Idomeneo Ballet Music
Cosi fan tutte E amore un Ladroncello
Le nozze di Figaro Giunse alfin il momento/Al desio; Deh vieni, non tardar; Non so più cosa son
La Clemenza di Tito Non più di Fiori
Mass in C minor, K427 Laudamus te
Symphony No.92 in G (Oxford)
Malena Ernman (mezzo-soprano)
Orchestra of the Age of Enlightenment
Sir Simon Rattle
Reviewed by: Colin Anderson
Reviewed: 9 December, 2005
Venue: Barbican Hall, London
If there was any disappointment regarding the non-appearance of Magdalena Kožená, there was little sense of it in a capacity Barbican Hall; and, anyway, Sir Simon Rattle’s direction of the Idomeneo ballet – incisive, dynamic and graceful – would have swept away any lingering regrets.
It was, of course, a great pity that Kožená was absent (through illness), but it was also a pleasure to welcome Malena Ernman – tall, sleek and blonde, very much in the Swedish manner. Kožená was to have sung Haydn’s cantata “Arianna a Naxos” and three Mozart arias. Ernman focussed on Mozart and doubled the quota. She was a delight to watch and she has a gently magnetic personality; her musicality is evident in her unaffected phrasing and in her expressive face, and there was an overall naturalness that was wholly inviting. That said, Ernman’s voice, at present, seems somewhat colourless and her lower register may not be strong enough; yet she has the ability to convey much without drawing attention to any one aspect. Ernman’s wit and sparkle was pleasurable, and her easy exhibitionism of showy moments was accurate and never strayed from the music’s intrinsic qualities. Whether Ernman and Rattle have worked together before, I know not; here there were moments of ‘sticking together’ while others, as the sequence of arias went on, suggested a blooming relationship.

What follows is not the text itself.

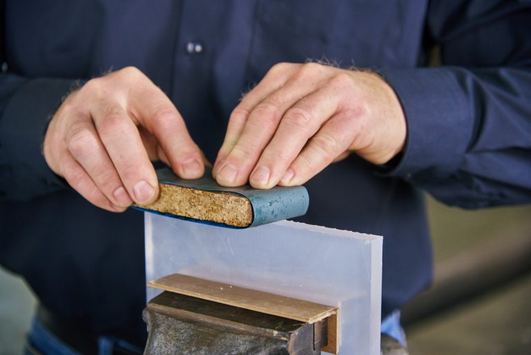- Înfășurați șmirghelul în jurul unui bloc de lemn sau de plută pentru a șlefui marginile tăiate ale PLEXIGLAS®.

The arias were brought off with consideration and liveliness – maybe too pushed along in “Non so più”, in which some syllables went for nothing, although an emotional palpitation was very evident. Having received a bouquet of flowers, Ernman placed it on the conductor’s podium to deliver an encore (“Voi che sapete” from ‘Figaro’). Afterwards, she eyed Rattle and pointed to the flowers and the gallant Sir Simon stooped to retrieve them, much to his amusement and everybody else’s. He remained on the platform to applaud and it seems that Malena Ernman can command with the merest flick of an eyelid. Equally disarming is her acknowledgement of the audience – genuinely modest and only too happy to share acclaim with those around her. And the OAE provided some wonderful sounds, not least from the basset horns in the first of the ‘Figaro’ arias, and from Antony Pay’s clarinet in the one from ‘Tito’.
The Orchestra of the Age of Enlightenment had brought deftness and quintessence to the ballet music, and proved vibrant partners in the arias and, finally, the musicians responded willingly to all of Rattle’s requirements in Haydn’s ‘Oxford’ Symphony – whether it was in the faultless balance between woodwinds and strings, the dialogue between antiphonal violins, and the independence of brass and timpani. Yet, it could be argued that Rattle also underlines certain features too much, and his play with dynamics can become mannered – more for the sake of it than in taking the music forward. Yet there was some lovely timbres created, and it was certainly never dull. For all the nimbleness of the playing the finale would have enjoyed a more moderate tempo, and it was the symphony’s slow introduction (songful, mysterious, and caressing), the arresting trumpet-and-drum interruptions to the otherwise-beatific slow movement, and the open-toned horns in the Trio, made indivisibly part of Rattle’s vigorous view of the Minuet, that linger in the memory. If not everything in this Haydn performance was as ‘uncomplicated’ as these highlights, there was no doubting the sparks that Rattle and the OAE created at every turn.